In Memory of Knox Lynn Seibel and in Gratitude to Dr. Jim Brandyberry

I have two items displayed prominently in my office: the first a large portrait of 16th century Scottish Reformer John Knox preaching and the second a dedication to my deceased son Knox Lynn Seibel who lived from 10/23/19 to 12/3/19. What we hang on our walls is simply an externalization of what was already hanging in our hearts. In this post, I want to share with you two titanic convictions that have hung in my heart and mind through 2020. On this one year anniversary of my son Knox’s passing, I also want to introduce you to the two messengers of these magnificent truths: Jim Brandyberry and John Knox. 

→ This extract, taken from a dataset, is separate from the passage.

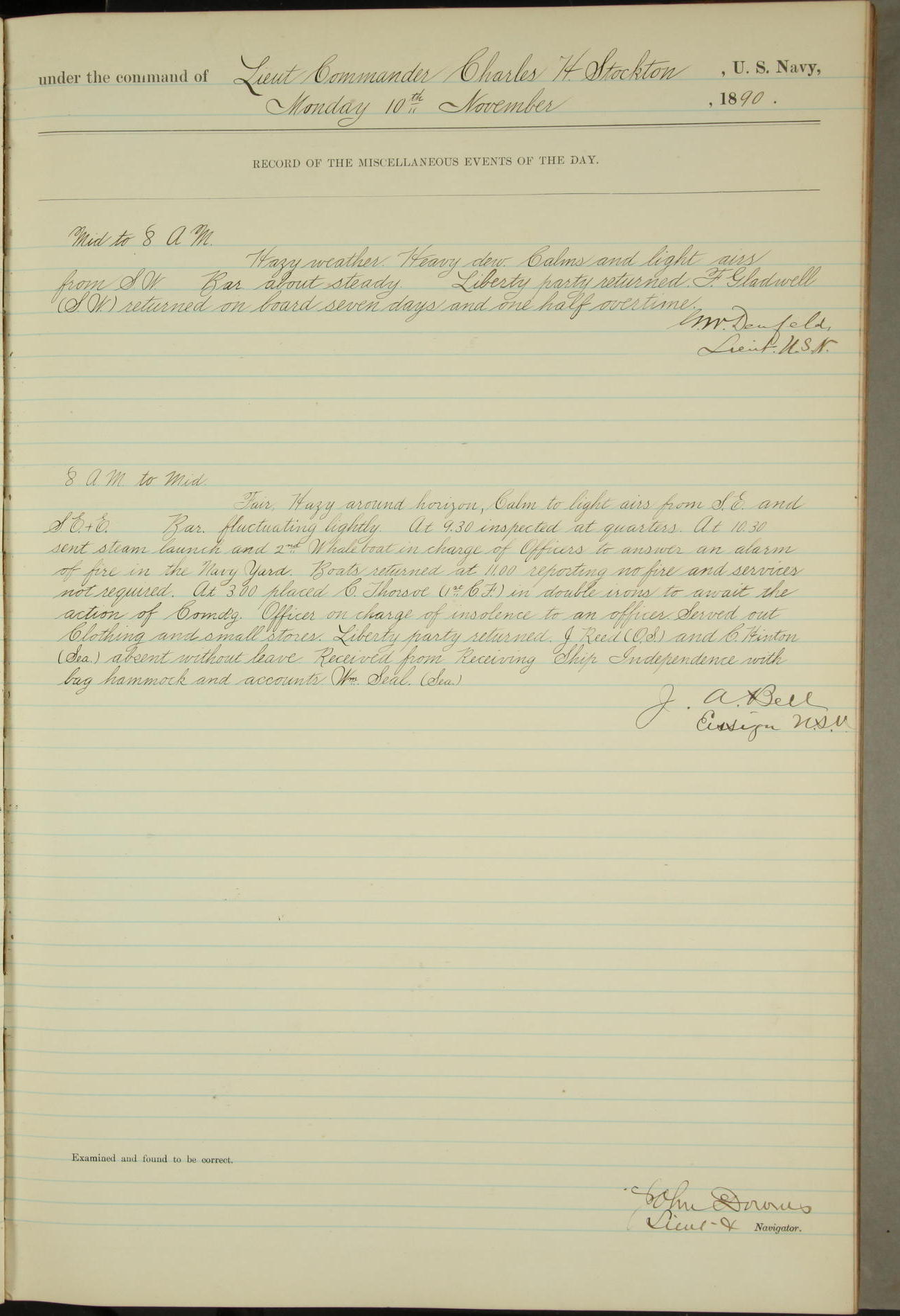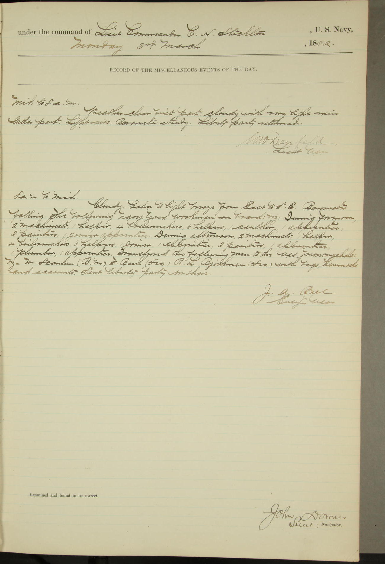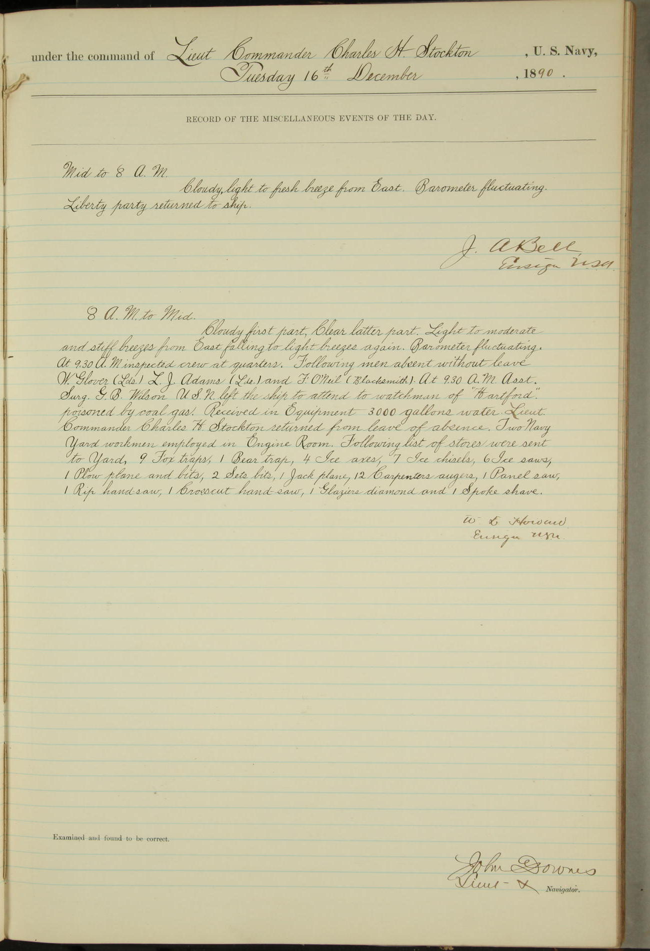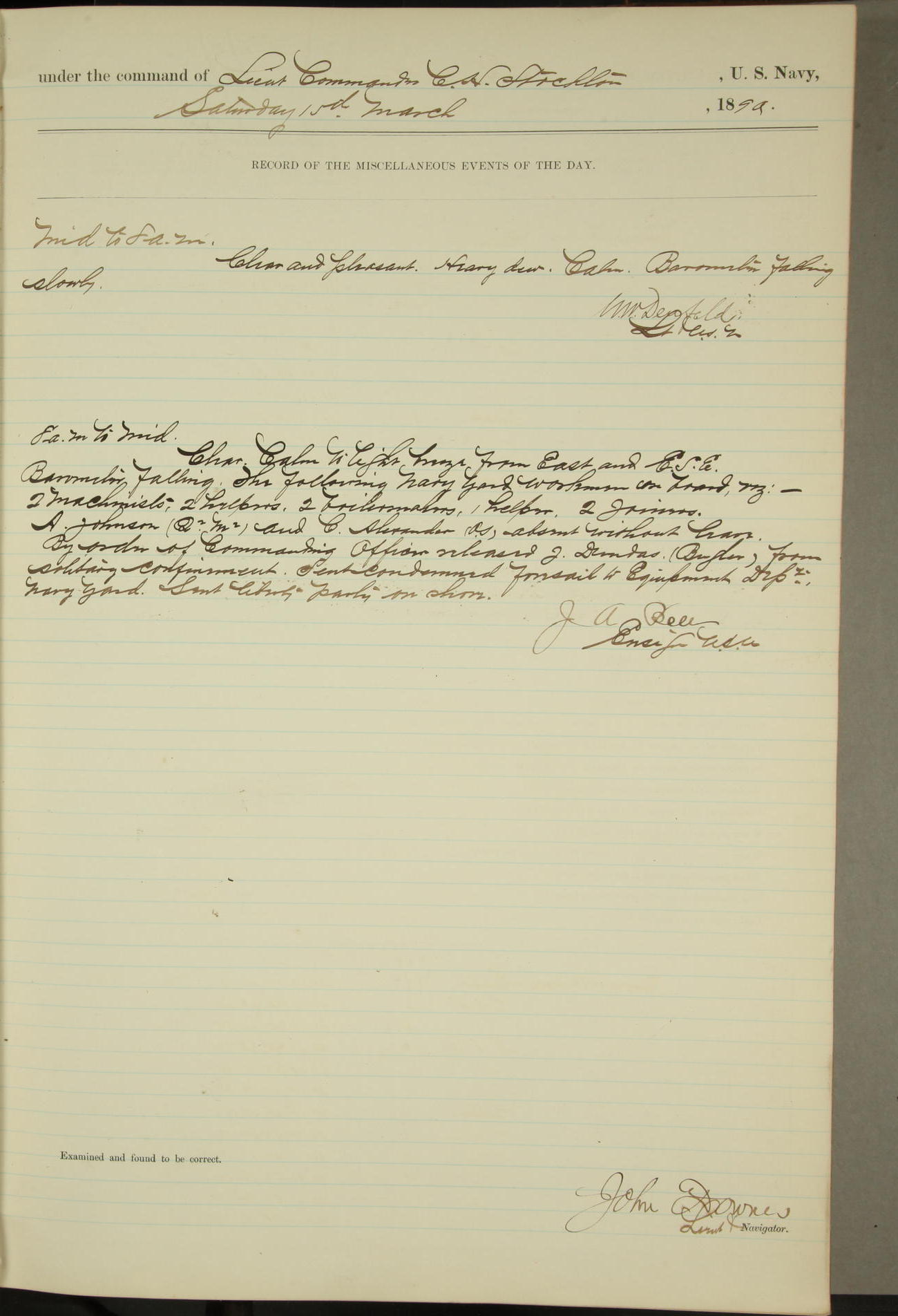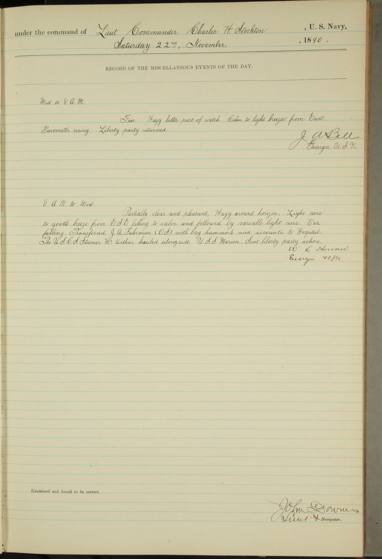 JA Dearborn - At 10am a Summary Court composed of Ensigns Simpson, Gorgas & Dewey as members with Asst Paymaster Lovell as Recorder convened for the tial of JA Dearborn (CH). The court adjourned at 11.20 to await the action of the Comd'g Officer.
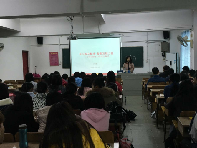 宋书记讲课的主题为《学习两会精神 凝聚发展力量——2016政府工作报告解读》,她从“两会”的基本知识及2016年“两会”的十大热点、政府工作报告热词等三个方面作了精彩的讲解,深刻阐述“两会”的重大意义、李克强总理在2016年政府工作报告中展示的2015年的成绩、“十三五”时期主要目标任务和重大举措,并对报告中“工匠精神、供给侧结构性改革、大众旅游时代、分享经济”等热词、新词作了详细的解读。宋书记结合高职院学生的特点,强调在新常态下高职院学生要有敬业精神、有创业胆识和知识储备。

This post is the 19th in Project Legacy, a series of interviews that aim to learn from leaders outside of education to influence those inside education.  Probably more than any other post in the Project Legacy series, this post proves the educational dictum ‘non scholae sed vitae’ (not for school but for life) and ‘virtus tentamine gaudet’ (strength rejoices in the challenge). Although this started as an interview with church historian Dr. Jim Brandyberry, it has ended up becoming a testament to the legacy of Knox Lynn Seibel. The first half of this post focuses on Knox my son and the second half on a truth I learned from Dr. Brandyberry.    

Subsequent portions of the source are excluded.